Il maestro Carlos Kleiber (1930-2004), dirige la Bayerisches Staatsorcherster a Ravenna nel 1997. (Foto Ansa)

Oltre lo streaming

Col suono di poi

Roberto Raja

Evviva, torna la musica dal vivo. Un libro e il ricordo di un geniale direttore per capire quanto ci è mancata l’emozione dei concerti

Un successo che aveva avuto addirittura dell’irreale. Una registrazione privata dà testimonianza delle ‘urla inumane’ che seguirono il finale della Settima sinfonia…”. Un concerto d’altri tempi, è proprio il caso di dire dopo tutti questi mesi di pandemia, stagioni sospese e sale chiuse. Ora per fortuna si può ricominciare, sia pure con il pubblico a ranghi ridotti e con i calendari da riorganizzare. E forse noi spettatori, distanziati e con le nostre mascherine, rientreremo nelle sale e nei teatri con qualche circospezione. Non sarà tutto come prima, per il momento. Anche nella migliore occasione, anche a vederle mezze piene, le platee in fondo saranno mezze vuote. Ma si ricomincia, e torneranno le emozioni, anche se non accompagnate da “urla inumane”. Nella stagione dell’astinenza, poche righe di un libro di Charles Barber, Carlos Kleiber. Vita e lettere, pubblicato di recente dal Saggiatore, sono state la madeleine di una straordinaria esperienza d’ascolto – sì, proprio quella che finì con un’esultanza quasi belluina – o almeno di quanto ne rimane nella memoria.

 

E più in generale l’occasione per ripensare a quanto ci è mancata la pienezza della musica dal vivo. Che non esclude l’altra a cui siamo avvezzi: la musica riprodotta, pronta da scegliere, giudicare e amare, sempre disponibile, e che oggi, nel suo stato liquido pressoché inesauribile ci può aiutare a conoscere e a capire, ad allargare gli orizzonti sonori (fatta la tara della sua prevalente funzione d’arredo e di compagnia).
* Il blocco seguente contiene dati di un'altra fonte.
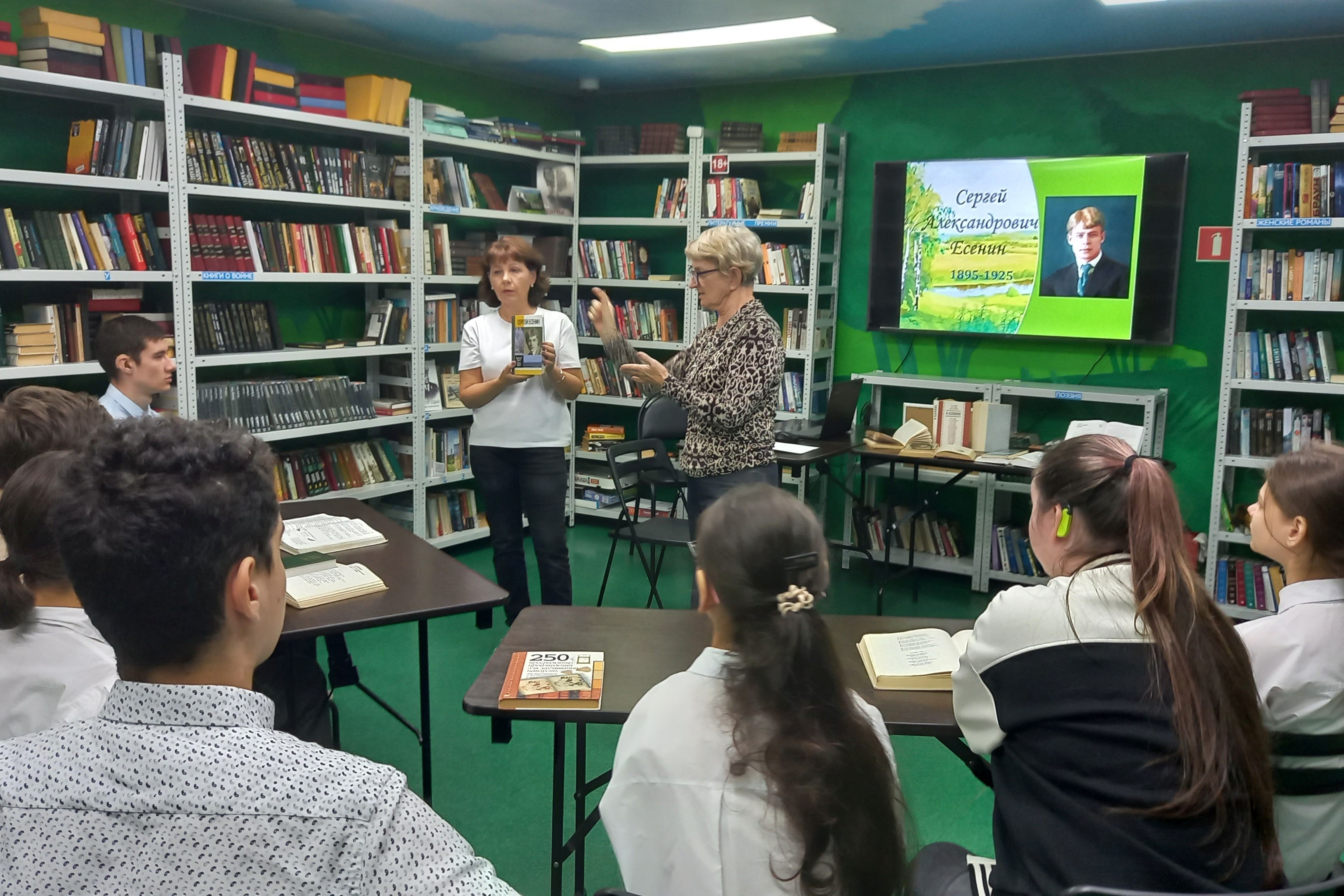 В библиотеке №17 (ул. Иртышская, 42) прошел литературный час «Сергей Есенин — наш поэт». Гостями мероприятия стали старшеклассники КГОБУ «КИШ 1 вида». Ребята познакомились с интересными фактами биографии и творчества поэта, о его жизни в Константинове, учебе в Спас-Клепиковской школе, московском периоде, первых публикациях и встречах с выдающимися современниками, включая Александра Блока.
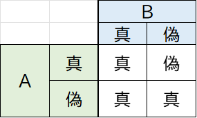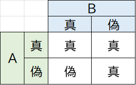 これを元に真理値表を作成すると以下のようになる。
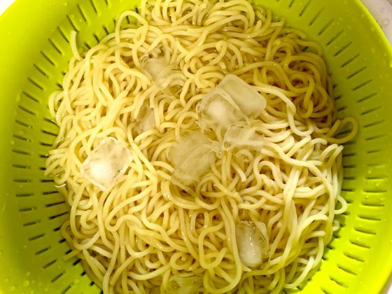 ② 中華麺をほぐしながら20〜30秒茹でたらザルにあげ、中華麺は氷水で冷やし冷ます。

Ma altro raccontano l’esperienza delle note che si fanno realtà sonora davanti a noi, la percezione diretta della musica nel momento della sua rivelazione, il qui e ora dell’esecuzione, con gli interpreti in scena e il pubblico in sala, con i silenzi che precedono la prima nota e gli applausi finali (sono la nostra misera parte nel rito, ma avete fatto caso ai musicisti quando finiva uno di questi concerti in live streaming? Volti spaesati, sguardi nel vuoto della sala, forse solo un grazie a mezza voce del direttore).

 

E con un’orchestra, a maggior ragione: il fatto che possa suonare anche solo davanti ai microfoni di una sala di registrazione non può farci dimenticare che il suo repertorio dall’epoca classica in poi, ovvero la maggior parte del repertorio che ascoltiamo in una sala da concerto, è stato pensato e scritto per essere eseguito davanti a un pubblico, fisicamente presente, e si nutre anche di un linguaggio e di una forma che sembrano proprio volere un interlocutore, di artifici retorici (dice qualcosa l’inesausto finale della Quinta di Beethoven?) che un ascolto virtuale, mediato dalla distanza, potrebbe addirittura svilire. Poi, nella sala da concerto, tanta routine anche lì, è vero, ma solo lì l’ebbrezza del momento, un vissuto irripetibile e impossibile da registrare se non nello scombinato archivio della memoria, dove restano le tracce più forti: la scoperta di un brano, la bellezza che emerge improvvisa, il lampo di luce su una frase che si pensava di conoscere, lo choc di un passaggio che si dava per scontato. E l’inaudito, e l’idea di una consonanza perfetta, senza alternative possibili, tra il pensiero musicale e la sua realizzazione. Qui e ora. Liste, possibili: credo che ogni frequentatore di teatri e auditorium abbia la propria. Nella mia c’è anche, tutta intera, quella serata dalle “urla inumane”. Troppo? Forse.

 

Di sicuro, passati quarant’anni, ricordo l’esplosione di entusiasmo e di commozione, attribuibile sì alla Settima di Beethoven, ma soprattutto a quel Beethoven e al fenomeno – tale lo ritenevamo tutti, credo, nella platea, nei palchi e nelle gallerie del Teatro alla Scala – che dal podio gli aveva dato vita. Gli applausi andavano anche all’orchestra, la London Symphony, che aveva meravigliosamente composto quel tessuto sonoro, da Weber a Schubert e infine Beethoven: ascoltare una vera orchestra sinfonica, dal palcoscenico e non su un disco, in quegli anni era un po’ una rarità, anche nelle sedi più illustri (a Milano solo qualche mese più tardi si sarebbe costituita, con Claudio Abbado mentore e guida, la Filarmonica della Scala). Ma è indubbio che la sera del 5 giugno 1981 l’emozione dell’ascolto scaturisse, o si volle far scaturire, dal direttore. Carlos Kleiber aveva cinquant’anni e godeva da qualche tempo, ma in modo tutto suo, dello status di celebrità da un capo all’altro della scena internazionale. Una meteora che si era rivelata al pubblico italiano, nella sua definizione più ampia, il 7 dicembre del 1976, quando aveva diretto Otello di Verdi per l’inaugurazione della stagione della Scala. Potenza del live streaming, ebbene sì. Non si chiamava così, naturalmente, era una semplice diretta tv. Ma, capirete, era la prima volta che un’opera veniva ripresa dalla Rai e trasmessa in diretta, in prima serata, e in mondovisione (alla fine raccolse qualcosa come 24 milioni di telespettatori).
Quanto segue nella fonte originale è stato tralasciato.